As with the portrayal of Scully’s sexuality in episodes like Never Again, there is a sense that the show is employing a double-standard. Mulder is never redefined as a father figure in a comparable way. (Outside of Scully’s daddy issues.)

Bad and mad...

Bad and mad…

There are other unsettling aspects of The Post-Modern Prometheus, most notably the script’s portrayal of Doctor Pollidori. Despite the fact that his father conducted experiments upon members of the community without their consent, Doctor Pollidori is very much the villain of the piece. Tellingly, the episode ends with Pollidori locked in the back of a police car while the accomplice of a serial rapist gets to enjoy a private concert from Cher. Even before he is explicitly identified as the villain, Pollidori is still presented as a deeply unpleasant man.

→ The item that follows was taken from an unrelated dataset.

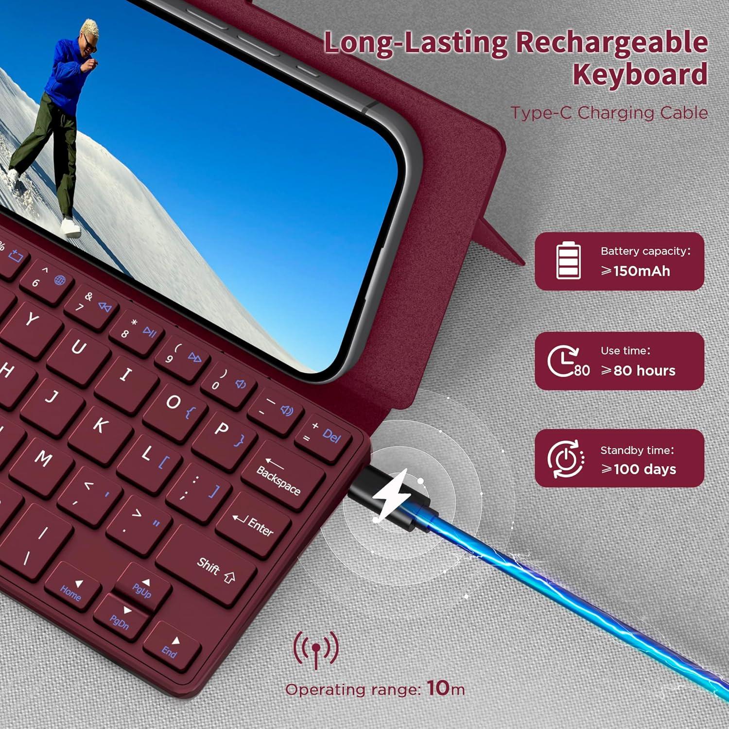 CACOE Wireless Keyboard with Stand, Mini Keyboard for Cell Phone, Ultra-Slim Portable, Foldable, Dual-Channel QWERTY with Stand Holder for Smartphone and More iOS Android Windows, Ocean Blue(Wine Red)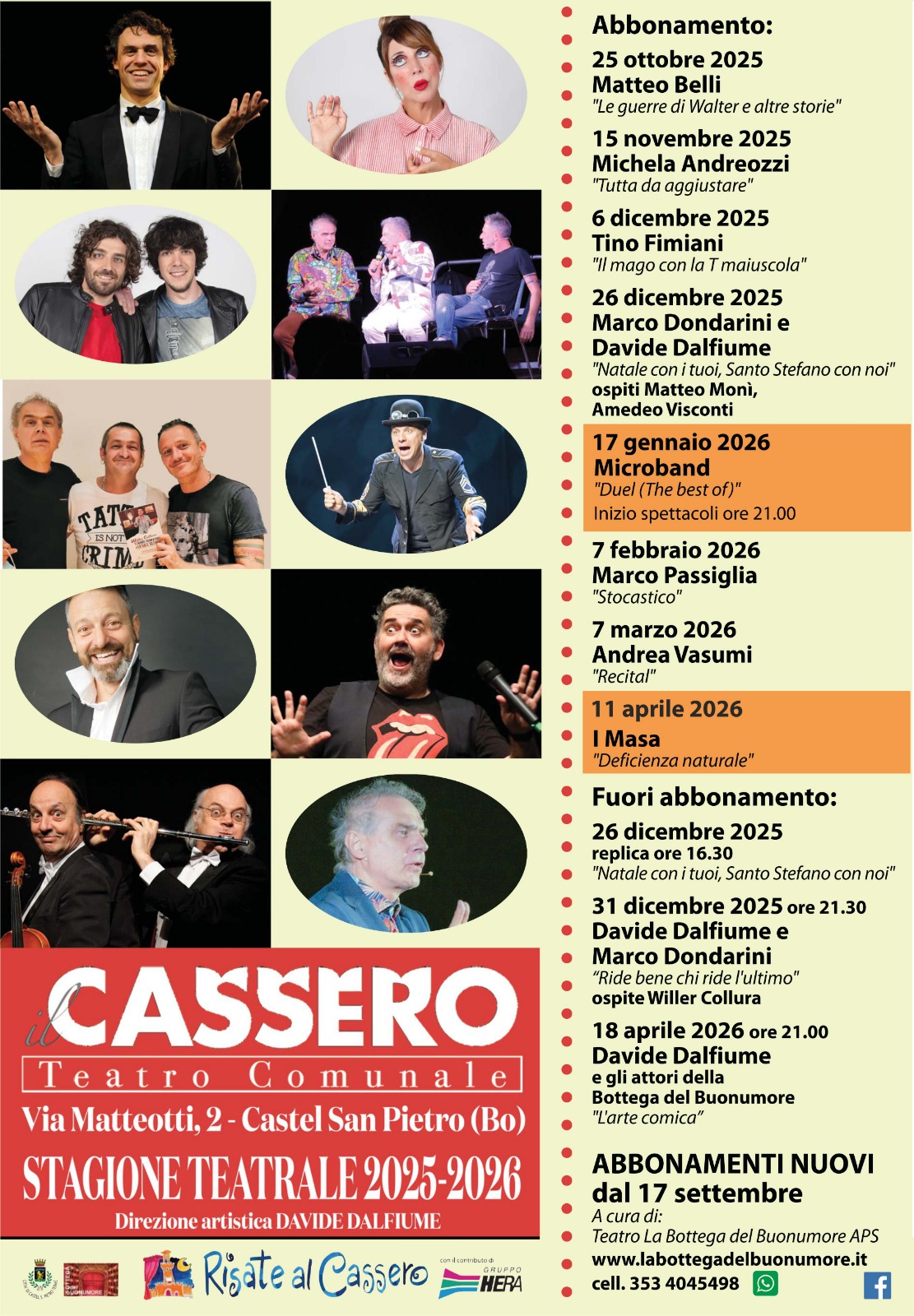 La stagione è curata dal direttore artistico Davide Dalfiume, realizzata dal Teatro La Bottega del Buonumore APS in collaborazione col Comune di Castel San Pietro Terme.

The Great Mutato offers a fairly succinct summary of how The Post-Modern Prometheus treats Pollidori. The Great Mutato refers to Pollidori as “a spiteful, hateful man of science incapable of the deeper sentiments”, reinforcing the stereotypical idea that scientists are ruthless and amoral – out of touch with the world around them. While Pollidori’s father does not understand the science that he is using, it seems that the script is more sympathetic. It seems that his heart was in the right place when he drugged all those women and impregnated them without their consent.

A lot to chew over...

A lot to chew over…

It could be argued that The Post-Modern Prometheus simply inherits this attitude from its source material. After all, Victor Frankenstein was hardly the posterboy for responsible scientific research. At the same time, the final text of Frankenstein does suggest Victor is at least remotely sympathetic. That said, Anne Kostelanetz Mellor suggests in her biography of Mary Shelley that it was Percy Shelley who softened the portrayal of Victor in the finished text:

Percy Shelley consistently read Victor Frankenstein sympathetically. As his review of the novel concludes, Frankenstein was not a perpetrator but only “the victim” of evil. Throughout the original text, Mary Shelley stressed Frankenstein’s capacity for self-deception, while Percy, sometimes as blind as Frankenstein himself, softened or eliminated his errors.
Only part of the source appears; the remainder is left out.